The lattice and ggplot2 packages allow you to create sophisticated statistical trellis plots in R. These packages are perfect for creating histograms, scatterplots, boxplots, and plotting density estimates. They are particularly good at handling multivariate and categorical data.

Processing
Sometimes trellis plots are insufficient for visualizing complex multi-dimensional datasets. In these situations, a more effective visualization can often be had by animating the data, or by plotting in three dimensions. Processing is a Java-based open source programming language for programatically creating images and animations. It allows you to quickly plot and visualize data in two or three dimensions, and animate this data over time.

NodeBox
NodeBox is a Mac OS X application that provides similar capabilities to processing, except that it uses a Python code instead of Java.

Graphviz
Graphviz is a suite of tools for graph visualization. It allows you to specify the nodes and edges of a graph using a simple language called DOT, and will automatically layout the graph for you. It can produce graphical output in a variety of bitmap and vector formats. The popular Omnigraffle diagram editor can import DOT files, allowing you to tweak the output.
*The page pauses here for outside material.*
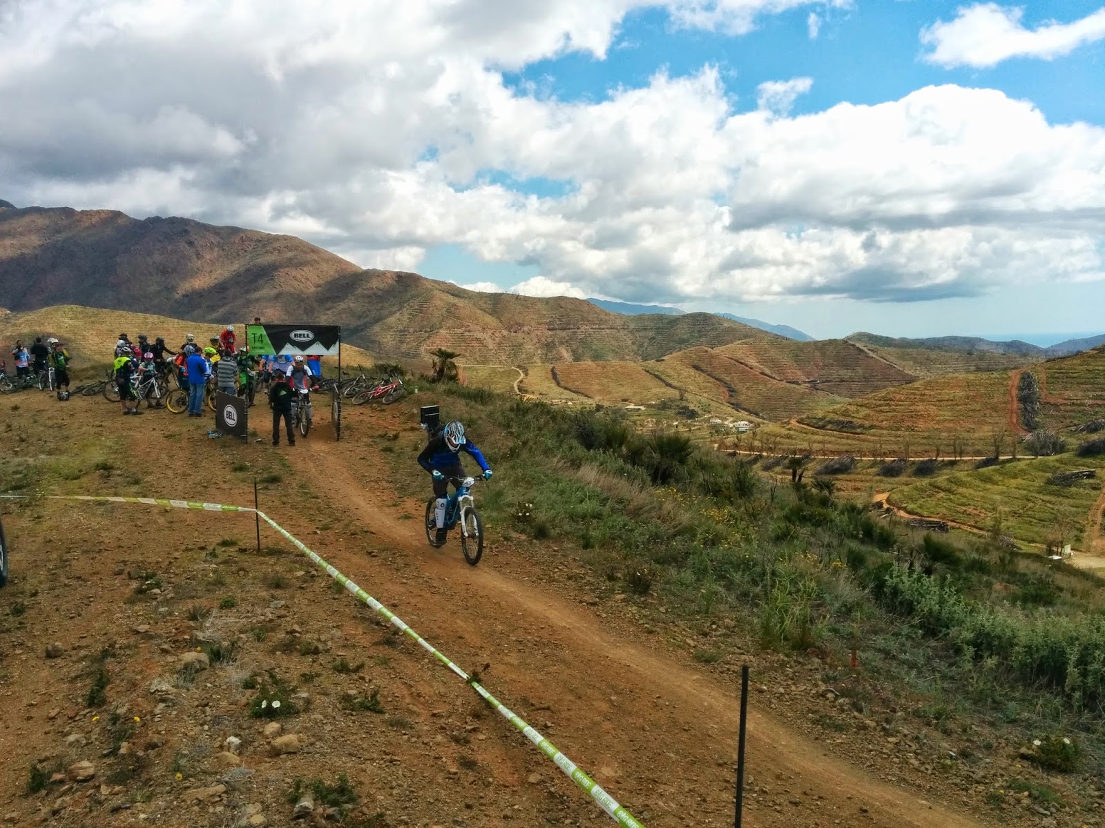 Tramo 1, el terreno ya un pelín seco pero nada que ver con los días anteriores, poco polvo y muy buen agarre en la parte alta del recorrido. Comienza la primera bajada rapidísima, curva, curva, escalón, derrape, otro escalón, Poba me da alcance poco antes de la torre eléctrica, no espero a que me pida paso, me quito antes para dejarle hacer su carrera sin contratiempos, yo sé que si logro bajar del puesto 200 es toda una victoria. Seguimos para abajo, por momentos en la zona de pedaleo le doy alcance pero en cuanto pica pa’bajo lo pierdo de vista, adelantamos a una de las chicas, viene el cortafuegos, mamita como te quiero, quien coño me habrá mandado a meterme en esto, piedra, escalón, curva, otro escalón… pasooo!! Me ha pillado el otro corredor, es el 134 de los BikerSupport, ya que el 133 no se ha presentado, Derek, de nuestro team, que tuvo una caída bastante aparatosa el finde anterior. Coño, que rápido baja el 134, a ver si le puedo seguir y recuperar tiempo, zona rápida, curva a derechas y….PATAPAM!!! Caída. Nada grave pero en lo que me recupero y me lanzo nuevamente ya lo he perdido de vista. Paso el repecho, lo subo bien y ya casa arriba me pilla el 135 pero se ve que ha penaliado en la subida y le vuelvo a adelantar. Ya solo queda la parte final muy chula, curva, escalón, otra curva, saltito pequeño, escalón, piedras por el fondo del torrente y listoooo! Acabado el primer tramo sin daños aparentes. A por el 2do.

The dot2tex program can be used to generate LaTeX output from Graphviz. Using it, you can embed LaTeX math into graphs. It uses TikZ/PGF to render graphs, and so generally produces very high quality output.

TikZ/PGF
The TikZ and PGF packages allow you to programmatically create fantastic looking technical graphics in LaTeX. The syntax can be a little tricky at first, but the graphics produced are great. The texample.net site has a wealth of illustrative examples, including: a Kalman filter system diagram, a Computer Science mind map, an illustration of bootstrap resampling, a merge sort recursion tree, and a neural net.

Typesetting and Document Preparation


LaTeX
LaTeX is the standard for preparing and typesetting scientific documents. Some useful LaTeX packages include:
  • amsmath: an extension package for LaTeX that provides various features to facilitate writing math formulas and to improve the typographical quality of their output.
  • booktabs: a package for creating publication quality tables for LaTeX.
  • hyperref: a TeX package for adding hyperlinks to PDF and HTML outputs. Also allows you to set the PDF metdata, and create PDF tables of content automatically.
  • microtype: enables micro-typographic extensions in pdfTeX. Often simply including this package will improve the appearance of your document.
  • TikZ and PGF: packages for programmatically creating graphics in TeX.
The LaTeX Wikibook is a free online reference for LaTeX.

Writing Tools
DeTeX is a small program to remove TeX and LaTeX constructs from a text file. It is useful for stripping out TeX formatting constructs if you need to process or compute statistics on the plain text. For example, to count the words in a LaTeX document you could run: detex paper.tex | wc -w.

GNU Aspell is a free and open source spell checker. It can handle LaTeX documents by specifying --mode=tex on the command line.

GNU style and diction are two standard UNIX commands for analyzing English and German language text documents. Diction uses heuristics to identify poor style and common language errors. Style analyses the surface characteristics of a document, reporting statistics and readability indices.

Reference Management
BibTeX simplifies formatting and managing references in LaTeX documents. Managing BibTeX databases can, however, often be a chore. BibDesk is a worthy tool for managing BibTeX databases on Mac OS X. JabRef is a decent Java based bibliography manager.